▶ **WORK TASK**:
The material below holds the lines to copy: from the one with "Stylish Dansko sandals" up to and including the one with "Table 3 shows". Copy them exactly and skip the pictures.

▶ **SUPPLIED DATA**:
----

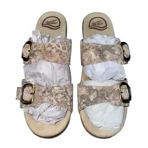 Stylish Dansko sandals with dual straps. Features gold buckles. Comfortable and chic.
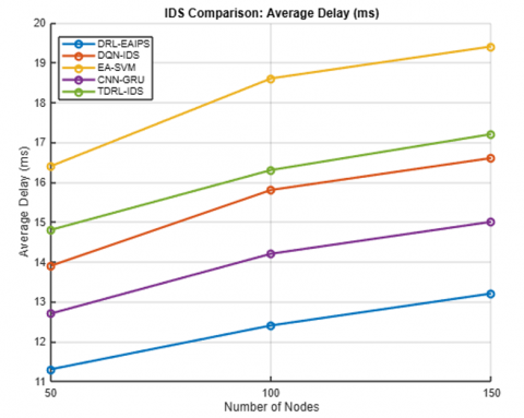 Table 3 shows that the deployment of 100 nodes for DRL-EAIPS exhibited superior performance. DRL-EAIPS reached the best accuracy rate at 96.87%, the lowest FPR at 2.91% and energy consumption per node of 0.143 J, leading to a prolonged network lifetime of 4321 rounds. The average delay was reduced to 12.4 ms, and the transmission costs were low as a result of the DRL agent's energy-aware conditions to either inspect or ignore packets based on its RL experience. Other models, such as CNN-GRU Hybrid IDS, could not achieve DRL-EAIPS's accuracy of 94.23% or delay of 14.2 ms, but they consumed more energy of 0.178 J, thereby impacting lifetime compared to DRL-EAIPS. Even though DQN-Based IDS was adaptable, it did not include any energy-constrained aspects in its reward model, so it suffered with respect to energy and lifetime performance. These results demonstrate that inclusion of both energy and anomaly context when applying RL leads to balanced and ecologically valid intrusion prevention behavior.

----

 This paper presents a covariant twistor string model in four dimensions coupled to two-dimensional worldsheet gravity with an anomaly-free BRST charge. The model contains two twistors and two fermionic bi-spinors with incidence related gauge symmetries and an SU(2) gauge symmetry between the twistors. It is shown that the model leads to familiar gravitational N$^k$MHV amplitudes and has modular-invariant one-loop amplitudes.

----

▶ **COMPLETED EXERCISE**:
 Stylish Dansko sandals with dual straps. Features gold buckles. Comfortable and chic.
 Table 3 shows that the deployment of 100 nodes for DRL-EAIPS exhibited superior performance. DRL-EAIPS reached the best accuracy rate at 96.87%, the lowest FPR at 2.91% and energy consumption per node of 0.143 J, leading to a prolonged network lifetime of 4321 rounds. The average delay was reduced to 12.4 ms, and the transmission costs were low as a result of the DRL agent's energy-aware conditions to either inspect or ignore packets based on its RL experience. Other models, such as CNN-GRU Hybrid IDS, could not achieve DRL-EAIPS's accuracy of 94.23% or delay of 14.2 ms, but they consumed more energy of 0.178 J, thereby impacting lifetime compared to DRL-EAIPS. Even though DQN-Based IDS was adaptable, it did not include any energy-constrained aspects in its reward model, so it suffered with respect to energy and lifetime performance. These results demonstrate that inclusion of both energy and anomaly context when applying RL leads to balanced and ecologically valid intrusion prevention behavior.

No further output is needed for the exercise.